68 N.J. Eq. 443 | New York Court of Chancery | 1904

Bergen, V. C.

This bill was filed by the complainant, as receiver, to compel the defendants to return to him moneys paid them as creditors of the Philadelphia Worsted Company, an insolvent corporation, upon the ground that such payments were made when the cor*444poration was insolvent, or in contemplation of insolvency. The defendants are three in number — Charles Thomason, his wife, Agnes, and Samuel Thomason, the father of Charles. The insolvency of the company was decreed and receiver appointed October 21st, 1903. Charles Thomason and his wife, Agnes, were, respectively, the president and treasurer of the company, and paid themselves the following sums: Charles, on October 11th, 1903, $400; Agnes, October 14th, 190.3, $1,000, and October 15th, $400. As these payments were made only a few days before the appointment of the receiver by the officers of the company to themselves, I have no difficulty as to these items.
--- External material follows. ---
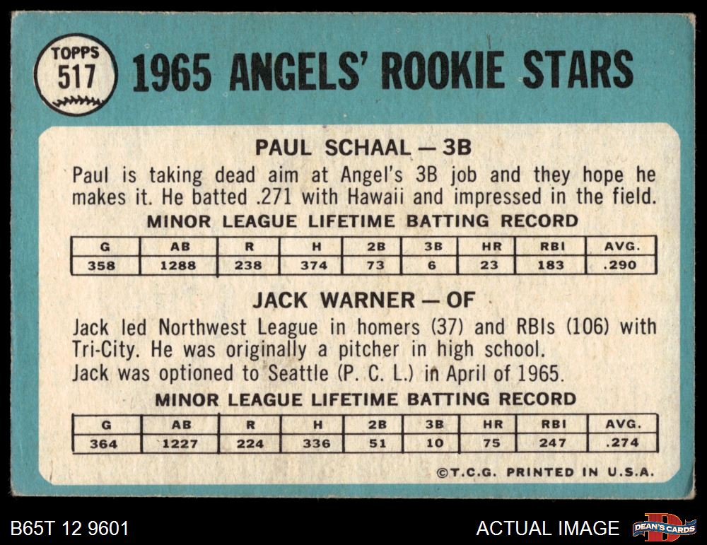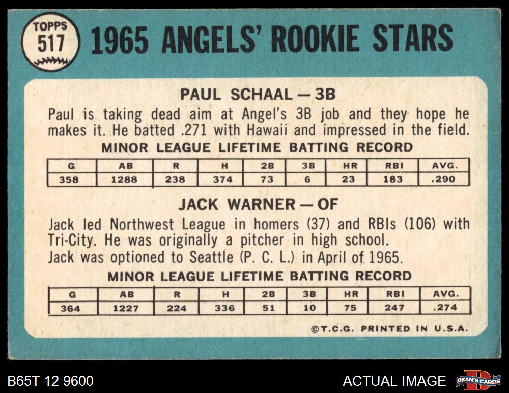 1965 Topps #517 - Paul Schaal / Jack Warner Angels Rookies 3 - VG

They were manifestly paid and received by these creditors after they, as officers, knew that the company was insolvent, and were paid as preferences to creditors of the company in contemplation of its collapse, and they should refund the amounts so paid.
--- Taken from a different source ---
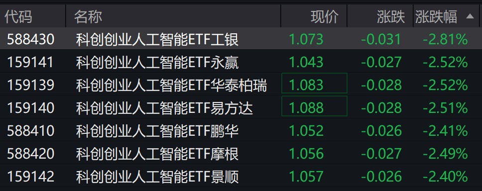 受盘面影响,科创创业人工智能相关ETF跌超2%。

The other defendant, Charles Thomason, was paid, between October 10th and October 15th, 1903, $1,615, for money loaned and advanced and on account of wages. He was not an officer of the company, and if it had been a payment to an ordinary creditor without notice of insolvency, received while the company was carrying on its usual business, I should, hardly feel justified in holding that such payment would fall under the condemnation of the sixty-fourth section of the Corporation act. If a creditor has no right to retain a payment he would have no right to accept it, and unless he had ascertained that the corporation, when paying him an ordinary debt, was solvent, he could .not with safety accept it. Manifestly such a rule would interdict the transaction of business with a corporation, for a condition of insolvency might exist for months, or even years, while to all appearances, so far as strangers to the corporation were concerned, it was solvent; and thus every payment to a creditor, during the period of insolvency, would have to be refunded when the insolvency was disclosed.

My attention has been called to Miller, Receiver, v. Audenried, 67 N. J. Eq. 252, but in that case the corporation had suspended business; its property had been destroyed by fire and the directors were preferring creditors from the proceeds of the insurance, while the conditions were such as to properly *445charge the creditors who were preferred, with knowledge of the situation.
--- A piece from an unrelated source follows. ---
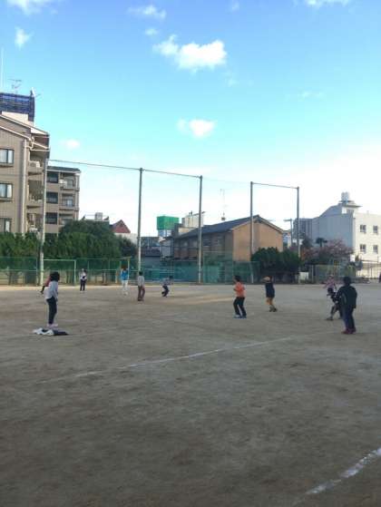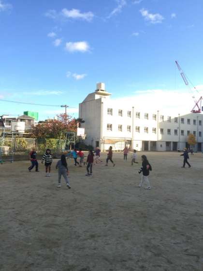放課後の運動場を見てみると、寒さに負けず子どもたちが元気に遊んでいました。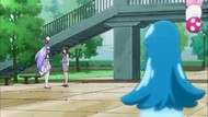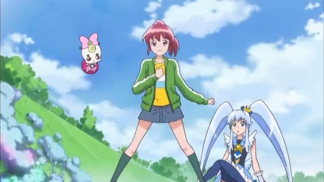 I’m well aware that this is the whole super special tenth anniversary of PreCure OMG GUYS but I couldn’t help thinking through this episode that PreCure is a little bit too into itself. A thought that turned into a terrifying nightmare when the ED hit, let me tell you. The whole thing was a nonstop sucrose fueled barrage. Nothing can be said that isn’t the most goddamned exciting thing ever! Hell, the CM break was prceded by one of them screaming at the camera “SHE’S GOING TO BE MY FIRST FRIEND!” Then when they meet, they begin shrieking about how cute each other is and trading (≧∀≦) faces. Some of it was in a pitch that only dogs can hear, and it wasn’t even the chew toy voices this time.

A consideration of the evidence relating to the claim of Samuel Thomason convinces me that he knew of the insolvent condition of this company when the payment was made to him.

The stock of the company was largely, if not entirely, held by his son and the son’s wife. Current obligations of the company were past due and unpaid, and it was not in funds to pay the above claim. In order to provide the money the father purchased from the company, of which he was the superintendent, a portion of its stock in trade, which he afterwards removed and sold, and the pajnnent made by him for such stock in trade was used to liquidate his claim and that of his son and the son’s wife.

I am satisfied that this sale had no other purpose than to provide money in order to prefer the claims of those parties, and that the father knew the company was then in an insolvent condition. The sale of the goods was made, after the company had become insolvent, to the father, who was not a Iona fide purchaser for valuable consideration, without notice of insolvency, and was carried out for no other purpose than to permit these defendants to obtain a preference, to the injury of other creditors of an insolvent corporation. The father was engaged in no business other than as an employe of this company; he had no use for the goods purchased other than for a resale, and in making this sale the company was doing, through its superintendent, what it could and should have done in the due course of its business, and for no purpose other than that of promptly turning this stock into money, that they might unlawfully distribute it before being overtaken by the insolvency proceedings which so immediately followed.

If the defendants are entitled to a preference for any part of their claims as wages, they can establish that right in the usual way.

The complainant is entitled to a decree against all the defendants, according to the prayer of the bill.